REQUIRED WORK:
Carry none of the pictures over; write out the complete data exactly.

SUPPLIED INFORMATION:
┌──

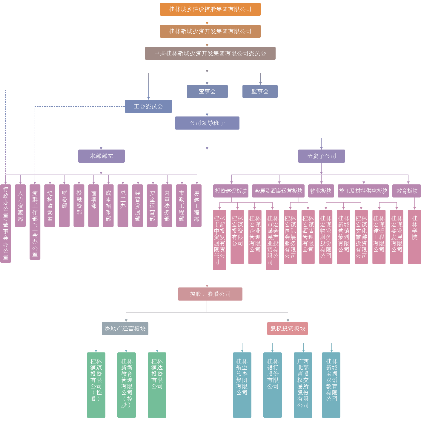 公司下設(shè)12個(gè)全資子公司,分為五大板塊,其中(一)投資建設(shè)板塊:桂林市新中投資發(fā)展有限責(zé)任公司、桂林宏謀投資有限公司、桂林宏謀企業(yè)管理有限公司、桂林市宏謀會(huì)展產(chǎn)業(yè)投資有限公司;(二)會(huì)展及酒店運(yùn)營板塊:桂林宏謀國際會(huì)展服務(wù)有限公司、桂林宏謀酒店管理有限公司;(三)物業(yè)板塊:桂林宏謀物業(yè)服務(wù)股份有限公司、桂林新城營銷策劃有限公司、桂林宏謀文化旅游投資有限公司;(四)施工及材料供應(yīng)板塊:桂林宏謀建設(shè)工程有限公司、桂林宏謀實(shí)業(yè)發(fā)展有限公司;(五)教育板塊:桂林學(xué)院。
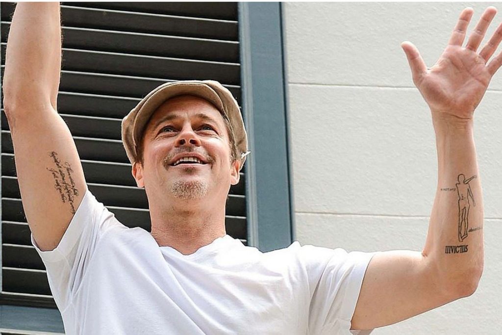Já que se fala em Angelina Jolie, também o seu ex-marido Brad Pitt tem diversas tatuagens, entre as quais a data de nascimento de Angelina. Parece-me que ambos vão ter muitas tatuagens para cobrir… digo eu. Na foto pode ver uma múmia tatuada no braço esquerdo.
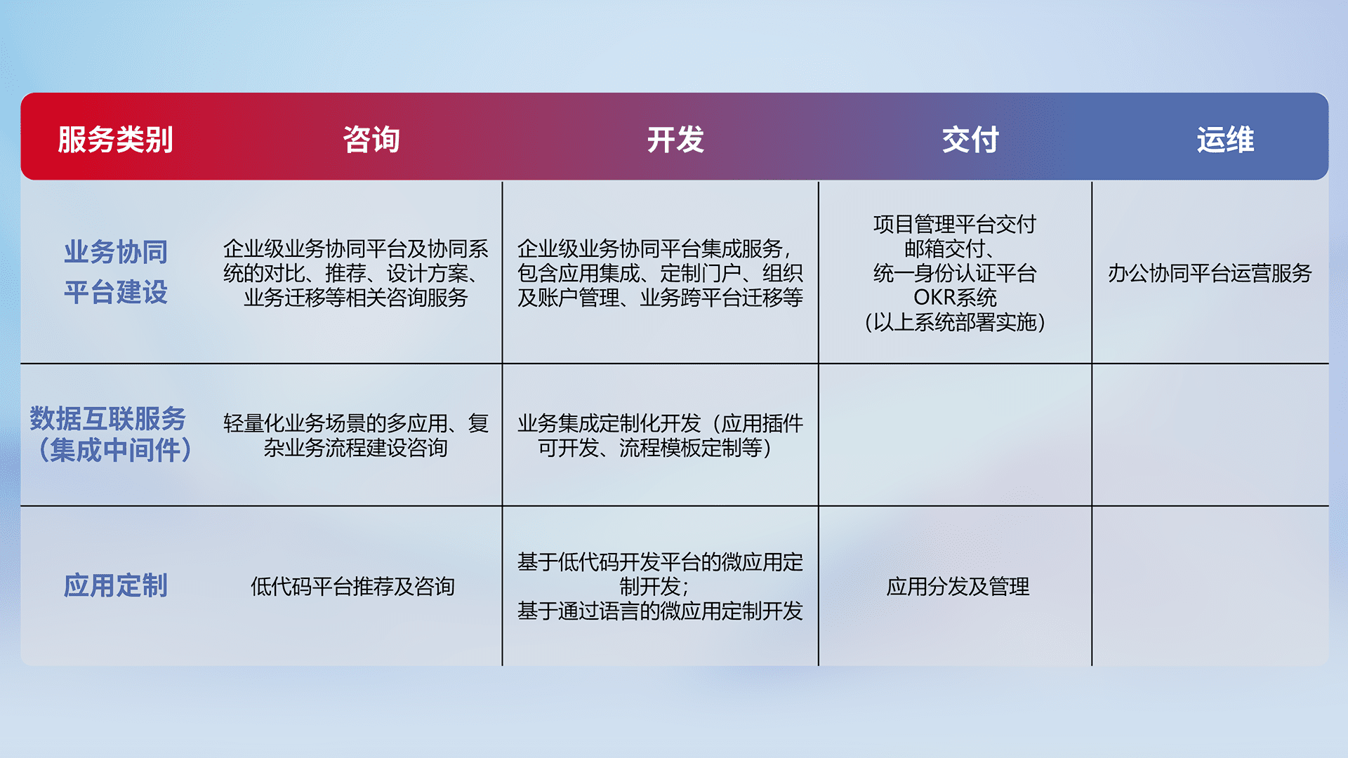 针对钉钉、、、企微、、IDaas等平台级产品提供产品的规划、、、方案、、、、交付、、定制化开发等服务,,,,实现如统一协同办公、、、、智能客户服务、、混合会议管理、、、、智能数据查询、、、、等业务场景,,,实现数字化转型。。。

└──

SOLUTION FOR THIS TASK:
 公司下設(shè)12個(gè)全資子公司,分為五大板塊,其中(一)投資建設(shè)板塊:桂林市新中投資發(fā)展有限責(zé)任公司、桂林宏謀投資有限公司、桂林宏謀企業(yè)管理有限公司、桂林市宏謀會(huì)展產(chǎn)業(yè)投資有限公司;(二)會(huì)展及酒店運(yùn)營板塊:桂林宏謀國際會(huì)展服務(wù)有限公司、桂林宏謀酒店管理有限公司;(三)物業(yè)板塊:桂林宏謀物業(yè)服務(wù)股份有限公司、桂林新城營銷策劃有限公司、桂林宏謀文化旅游投資有限公司;(四)施工及材料供應(yīng)板塊:桂林宏謀建設(shè)工程有限公司、桂林宏謀實(shí)業(yè)發(fā)展有限公司;(五)教育板塊:桂林學(xué)院。
Já que se fala em Angelina Jolie, também o seu ex-marido Brad Pitt tem diversas tatuagens, entre as quais a data de nascimento de Angelina. Parece-me que ambos vão ter muitas tatuagens para cobrir… digo eu. Na foto pode ver uma múmia tatuada no braço esquerdo.
 针对钉钉、、、企微、、IDaas等平台级产品提供产品的规划、、、方案、、、、交付、、定制化开发等服务,,,,实现如统一协同办公、、、、智能客户服务、、混合会议管理、、、、智能数据查询、、、、等业务场景,,,实现数字化转型。。。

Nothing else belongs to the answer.